Inventors of “wild rides” apparently factor in such opposing forces within us, which we keep in check with natural laws. But in truth, we do constantly long to break free, hence, the unabated lure of fair and carnival rides. On this basic need, I believe, such rides have become wilder through the decades, though our taste for it begins simply.

Take the ride on a swing—that absolute exhilaration to slice through passive air to create a gust and feel the sky on one’s face. I couldn’t have enough of it as a child; I’m sure you remember it, too, so much so that, on seeing one as an adult, I would rush toward it and on gangly legs and heavy butt, strive to fly with a momentary “lightness of being.”

And then came the pendulum ride. Perhaps, hardly anyone remembers the medium-sized fair on the grounds of Intercontinental Hotel during the holidays in the 1970s—it’s where my pining for wildness ended on a rotating gondola that swung back and forth higher and faster. Pendulum rides today, with 11 listed as top favorites in amusement registers and named scarier than the last, swing to dizzying heights in a full circle.

“Now comes ‘The Beast’ waiting to thrust, whoever desires, into a vortex of motion and speed at the 105 year-old Pacific National Exhibition’s (PNE) Playland, held annually here in Vancouver to open this week’s end. Said to be extremely wild, it spins riders at 360°, while at 90 kilometers per hour, swings them to 120° in either direction upward to 120 feet at its zenith, an “experience more than 5Gs of force,” said Laura Balance, PNE’s spokesman.

Stunned on getting off, wild riders can hardly talk, except in gushes, as caught on YouTube, unable even to duplicate their screams while feet up in the air, a heart-stopping moment, so extreme that what follows is a blank. As much as I try to relive my pendulum rides, no epiphany sparks.

So designed just for the thrill, and built in accordance with the laws of physics, so much so that risks must be calculated to zero danger, carnival rides do rule out the true element of surprise or the wham of the unexpected, a kind of wildness, which lurks everywhere in real life.

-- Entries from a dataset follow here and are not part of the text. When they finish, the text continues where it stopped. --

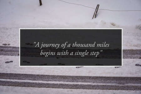 Inspirational quotes: A journey of a thousand miles begins with a single step typography with nature background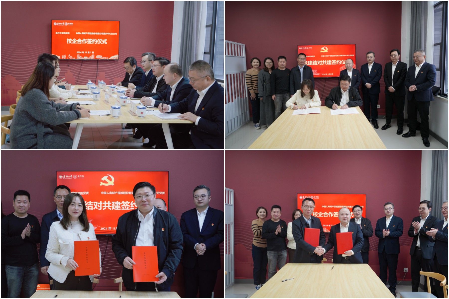11月1日,吃瓜网 与中国人寿财产保险股份有限公司嘉兴中心支公司在尚德楼355举行党建结对共建和校企合作签约仪式。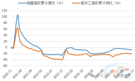 2025年12月中央经济工作会议指出,加快构建房地产发展新模式,着力稳定房地产市场,因城施策控增量、去库存、优供给,鼓励收购存量商品房重点用于保障性住房等。这表明政策端重点在于消化存量库存,控制新增,房地产市场企稳回暖仍将需要一定时间。从销售面积和新开工面积看,二者仍目前处于缓慢企稳状态,短期内难以明显转好,预计2026年投资端仍将下降,但幅度会有收窄,预计地产端水泥消费同比仍将出现下滑。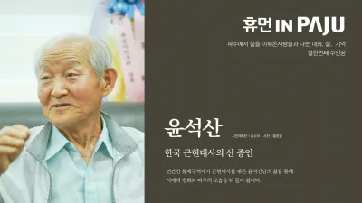 파주중앙도서관, 휴먼 IN PAJU 전시 및 강연 개최 - 한국 근현대사의 산 증인 윤석산 선생님과의 만남 파주중앙도서관과 구술채록 동아리 시민채록단은 급속한 도시화 과정에서 사라져가는 파주의 옛것을 기억하고 보존하기 위해 마을과 시민들의 역사...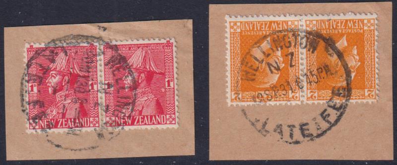 "Wellington/Late Fee" 30mm C-type cds, 2 good-fine complete strikes on neat pieces: 20 MY 30 (on 1d GV pair), 12 SP 31 (on 2d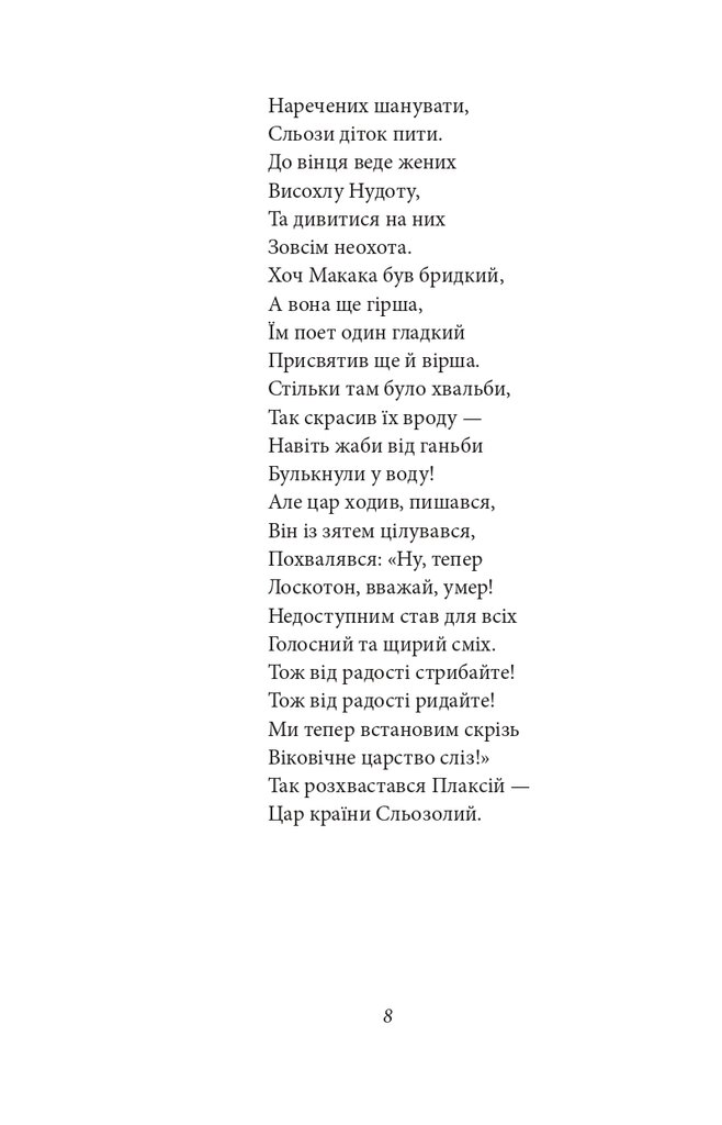 Казку «Цар Плаксій та Лоскотон» Василь Симоненко створив для свого сина Лесика за одну ніч. Цар Плаксій – король країни Сльозолий, який хоче, щоб усі діти завжди плакали. Натомість дядько Лоскотон несе радість і сміх, його люблять люди. До збірки ввійшли казки, байки, поеми, балади, епіграми, посвяти друзям, новели.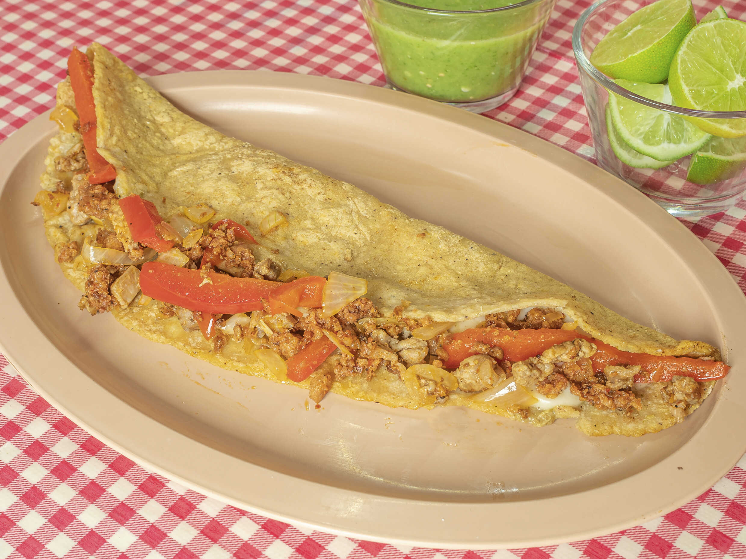 Torilla de maíz recien echa de 25cm, rellena de una rica combinacion de carne de cerdo, cebolla, pimiento y longaniza.
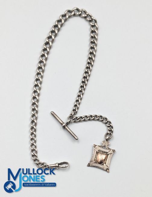 Silver Hallmarked Pocket Watch Fob Chain, with fob unengraved (gold fronted), graduated chain, silver T bar and lobster clips chain #40cm long 51g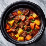 This Wholesome Crockpot Beef Stew is a hearty, comforting dish perfect for cozy dinners. Tender stew meat simmers slowly with aromatic herbs, robust red wine, beef stock, and a medley of fresh vegetables, creating a rich and flavorful meal. Enhanced with a touch of tomato concentrate, Worcestershire sauce, and optional gravy master for depth of color, this stew is an ideal use of a slow cooker to develop deep, comforting flavors with minimal effort.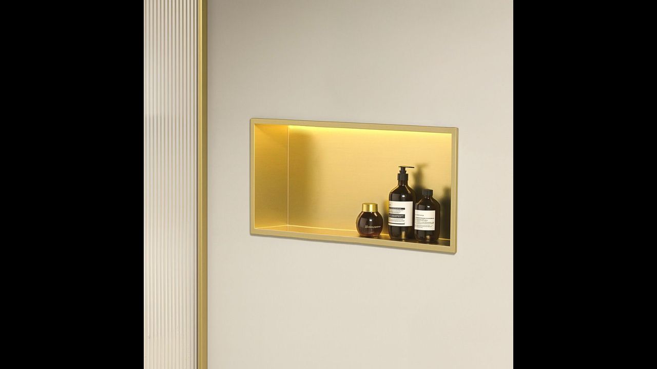 Настінна нішева полиця у ванній кімнаті з LED-підсвіткою — це функціональне та естетичне рішення, яке чудово підійде у душі, над ванною або в іншій зоні ванної. Виготовлена з високоякісної нержавіючої сталі Aisi 304, вона стійка до вологи, корозії та інтенсивного використання, зберігаючи свій вигляд на довгі роки.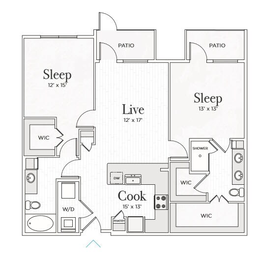 Modelo de apartamento: Matteo II2 Dormitorios, 2 Baños, 1189 sq ftDisponible Ahora![]()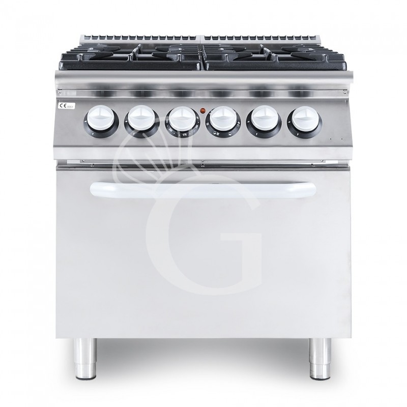 Professioneller Gasherd mit 4 Brenner und Elektrobackofen mit Umluft, Tiefe 900 mm
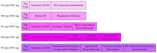 As discussed above, NFC tags play a vital role in the distributed agricultural management systems that are applied to family farms. The content of the NFC label used in this system needs to be unified, and it is oriented to the whole process of production management of family farms. The information such as farming process and agricultural value-added services is difficult to use EPCglobal related standards because it involves more independent production processes and related objects of farmers’ description. The EPCglobal-related standards also lack Mandarin/Chinese support for intuitive reading and writing of NFC tags. In addition, due to the requirements of family farms and service providers for independent intellectual property rights, the system also tends to adopt independent standards in its implementation. Therefore, their function needs to be carefully designed to provide effective support for family farm information management. The system presented in this paper uses five types of NFC tags with different functions: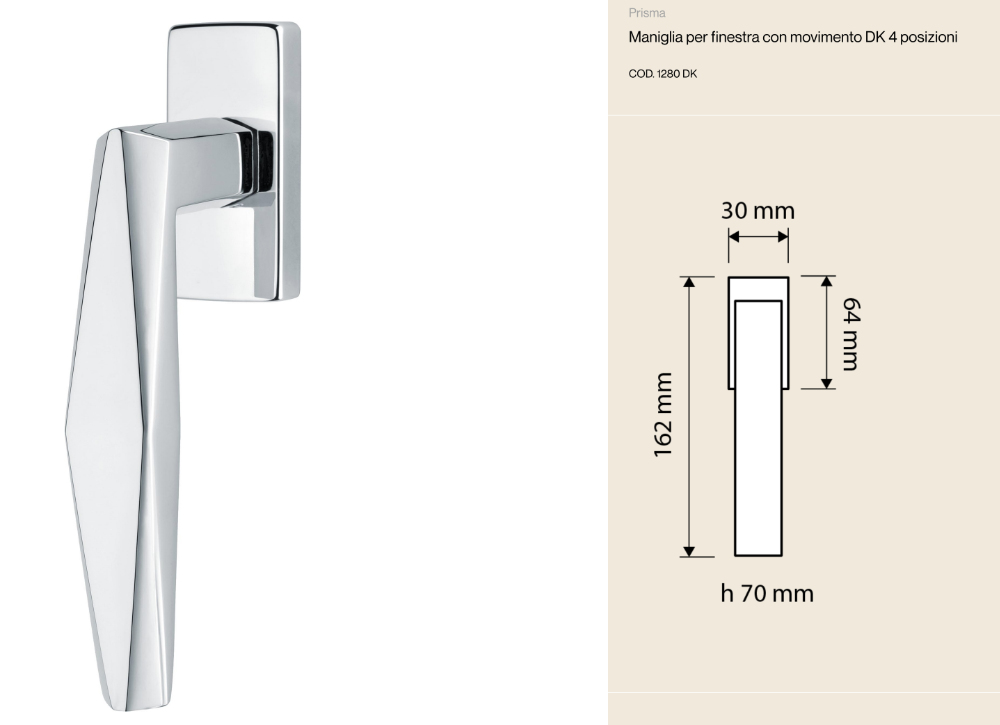 Существуют оконные ручки, которые выполняют не только функцию открывания и закрывания: ручка DK Prisma Linea Calì — настоящее произведение искусства. Благодаря ромбовидной форме ручки и гранёным поверхностям она улавливает и отражает свет, меняя его форму, превращая каждое окно в эффектный элемент интерьера.
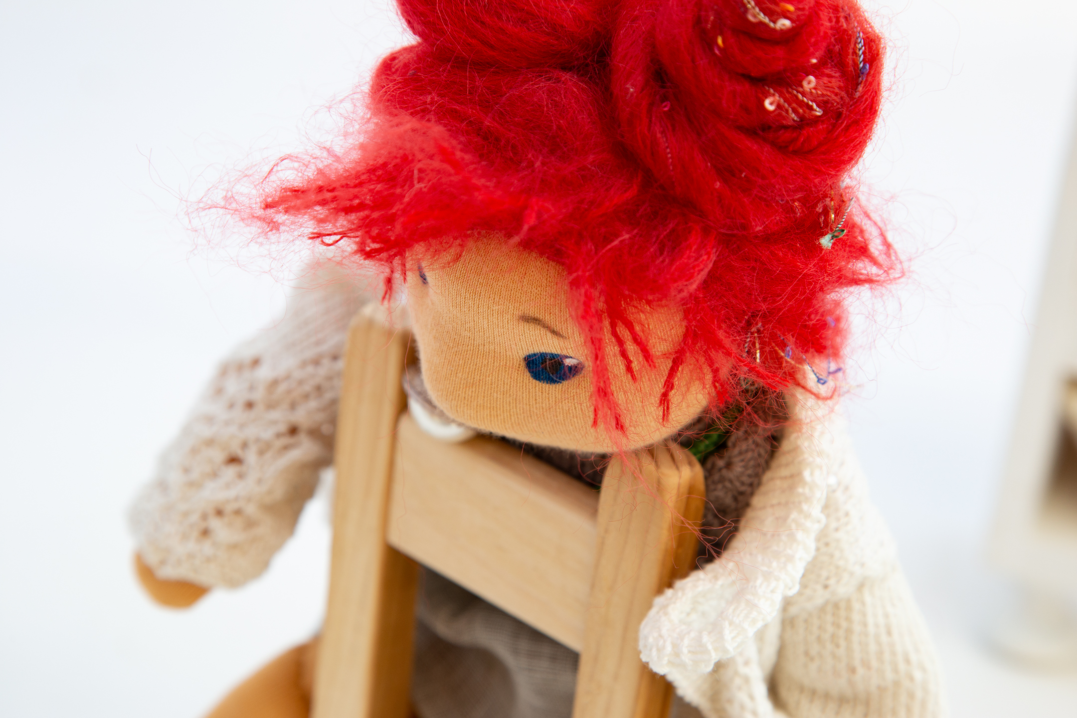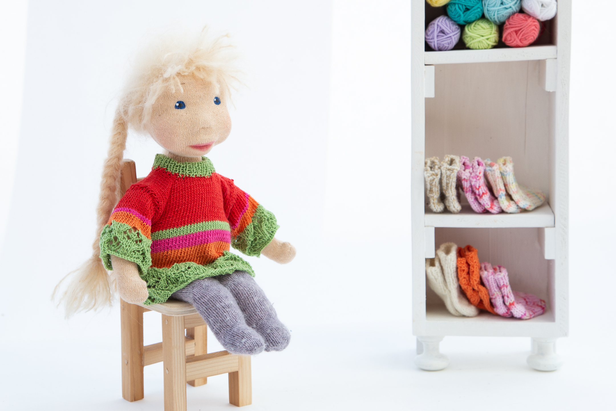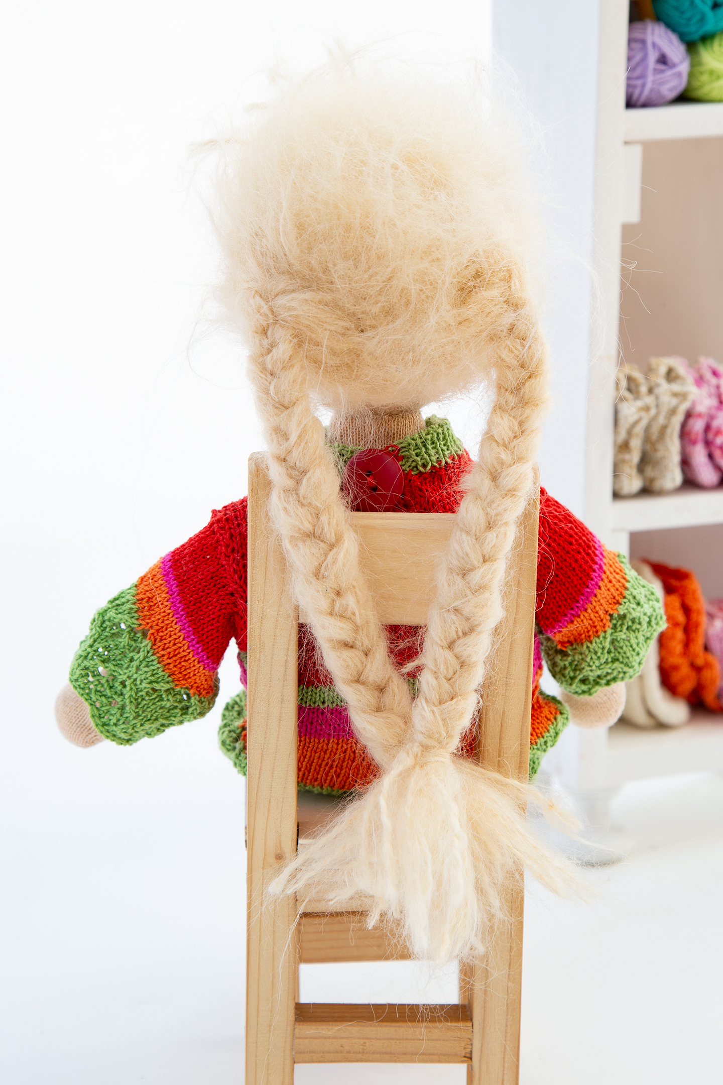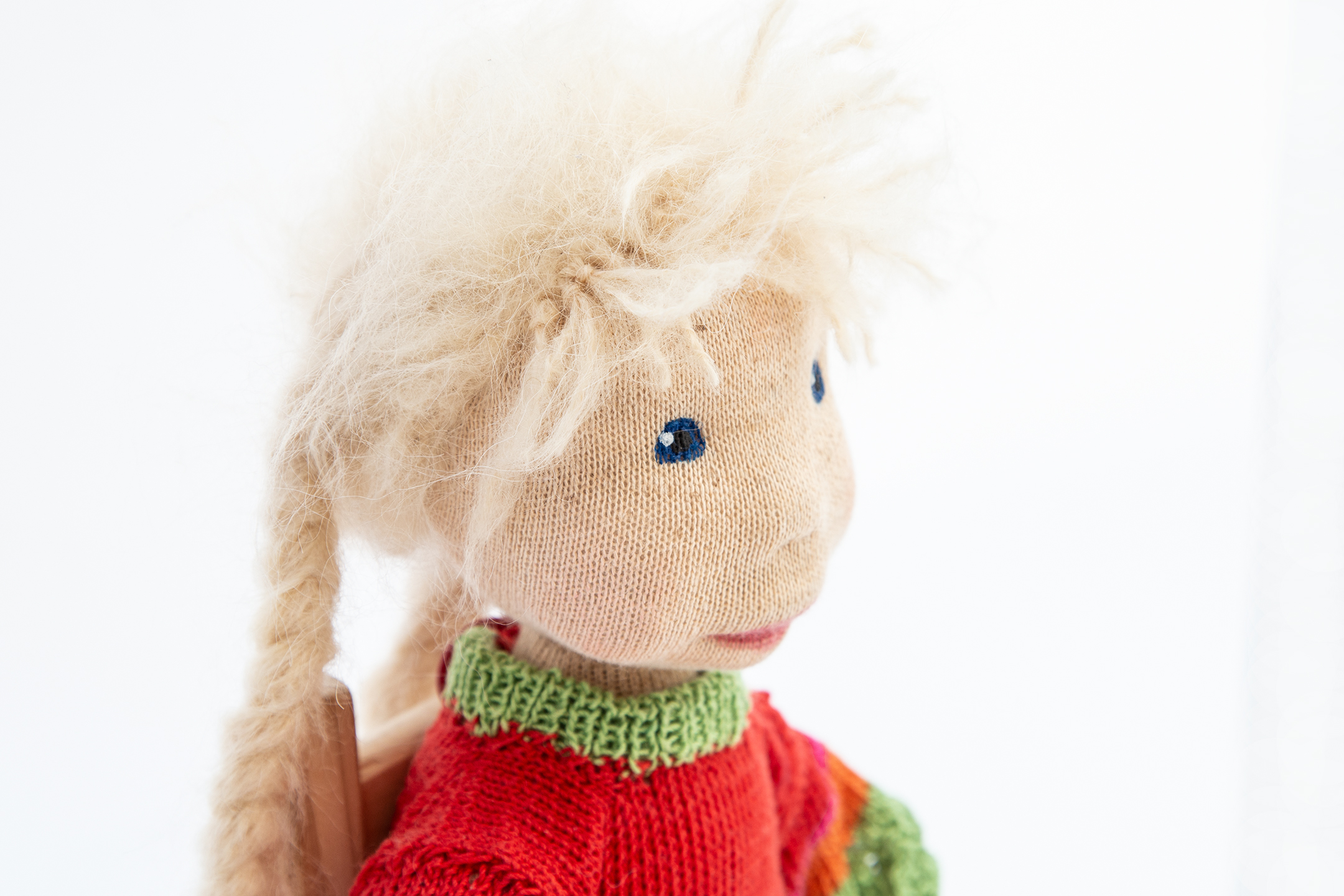 Mira ist eines der Wesen, das mich seit einem halben Jahr zu Kursen begleitete und vielen zukünftigen Puppenmacherinnen zeigte, wie so einer Zauberwesen aussehen kann. Sie trägt einen Pullover in meinen absoluten Lieblingsfarben, den Farben der dreifärbigen Bougainvillea und ist überhaupt ein Sonnenschein.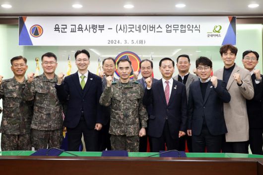 [문화뉴스 유송이 기자] 글로벌 아동권리 전문 NGO 굿네이버스(사무총장 김중곤)는 육군교육사령부(사령관 이규준), 굿네이버스 인천지역후원회 (회장 유정학)와 함께 육군 장병의 인성 함양을 위한 업무 협약식을 진행했다고 7일 밝혔다.

I can speak of rides on Manila streets as often akin to that on a roller coaster, like one tourist posted on YouTube of his experience. Or getting booked by the office to Surigao del Norte, instead of del Sur, as I had been once, lost and swept among fiesta-goers scrambling in bus stations—my photographer had to hoist me on his shoulders so I could crawl through a window for a seat to get to Bislig.

Conquests, such as the climb to Mt. Everest or a tightrope walk over Niagara Falls, cannot but be wild rides. Using an arbitrary juxtaposition, one might add the ongoing pendulum swings in election campaigns here in Canada and the US, though I think at its utmost in the Philippines.

But rides that I count wildest have been those that draw up a deep-seated fear of the void as a consequence of separation—which, yet again, is something quite natural in life, but as a prospect, we resist as if it were unnatural.